What’s the fourth one? That’s how we test it.
It’s all about prediction. So what is the recipe for brain theory? First of all, we have to have
the right framework. And the framework is a memory framework, not a computational or behavior framework, it’s a memory framework. How do you store and recall
these sequences of patterns? It’s spatiotemporal patterns. Then, if in that framework,
you take a bunch of theoreticians — biologists generally
are not good theoreticians. Not always, but generally, there’s not
a good history of theory in biology. I’ve found the best people
to work with are physicists, engineers and mathematicians, who tend to think algorithmically. Then they have to learn
the anatomy and the physiology. You have to make these theories
very realistic in anatomical terms. Anyone who tells you their theory
about how the brain works and doesn’t tell you exactly
how it’s working and how the wiring works — it’s not a theory. And that’s what we do
at the Redwood Neuroscience Institute. I’d love to tell you we’re making
fantastic progress in this thing, and I expect to be back on this stage
sometime in the not too distant future, to tell you about it. I’m really excited;
this is not going to take 50 years. What will brain theory look like? First of all, it’s going
to be about memory. Not like computer memory —
not at all like computer memory. It’s very different. It’s a memory of very
high-dimensional patterns, like the things that come from your eyes. It’s also memory of sequences: you cannot learn or recall anything
outside of a sequence. A song must be heard
in sequence over time, and you must play it back
in sequence over time.

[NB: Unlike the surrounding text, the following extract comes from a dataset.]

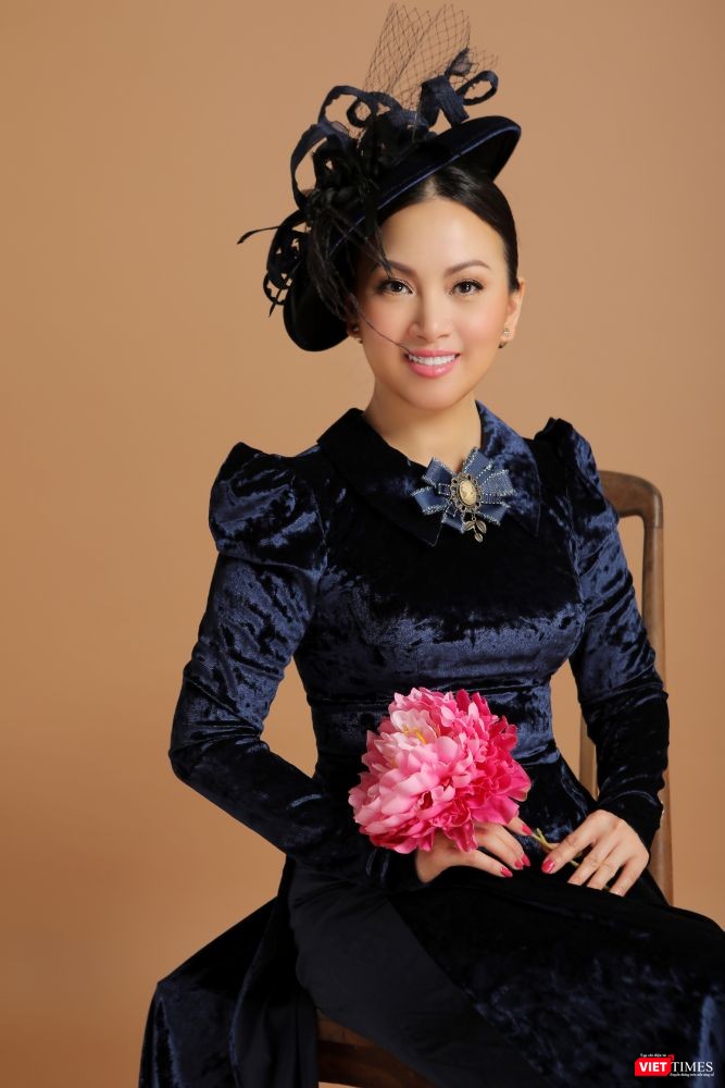 Ca sĩ Hà Phương tạo nên sự độc đáo, mới mẻ trong áo dài Việt Hùng với sự kết hợp cùng những chiếc mũ và găng tay, tạo độ sang chảnh, vẻ quý tộc cho áo dài.

And these sequences
are auto-associatively recalled, so if I see something, I hear something,
it reminds me of it, and it plays back automatically. It’s an automatic playback. And prediction of future inputs
is the desired output. And as I said, the theory
must be biologically accurate, it must be testable
and you must be able to build it. If you don’t build it,
you don’t understand it. One more slide. What is this going to result in? Are we going to really build
intelligent machines? Absolutely. And it’s going to be
different than people think. No doubt that it’s going
to happen, in my mind. First of all, we’re going to build
this stuff out of silicon. The same techniques we use to build
silicon computer memories, we can use here. But they’re very different
types of memories. And we’ll attach
these memories to sensors, and the sensors will experience
real-live, real-world data, and learn about their environment. Now, it’s very unlikely the first things
you’ll see are like robots. Not that robots aren’t useful;
people can build robots. But the robotics part is the hardest part.
That’s old brain. That’s really hard. The new brain is easier
than the old brain. So first we’ll do things
that don’t require a lot of robotics. So you’re not going to see C-3PO. You’re going to see things
more like intelligent cars that really understand
what traffic is, what driving is and have learned that cars
with the blinkers on for half a minute probably aren’t going to turn. (Laughter) We can also do intelligent
security systems. Anytime we’re basically using our brain
but not doing a lot of mechanics — those are the things
that will happen first. But ultimately, the world’s the limit. I don’t know how this will turn out. I know a lot of people who invented
the microprocessor. And if you talk to them, they knew what they were doing
was really significant, but they didn’t really know
what was going to happen. They couldn’t anticipate
cell phones and the Internet and all this kind of stuff. They just knew like,
“We’re going to build calculators and traffic-light controllers. But it’s going to be big!” In the same way, brain science
and these memories are going to be a very
fundamental technology, and it will lead to unbelievable changes
in the next 100 years. And I’m most excited about
how we’re going to use them in science. So I think that’s all my time — I’m over, and I’m going to end my talk right there.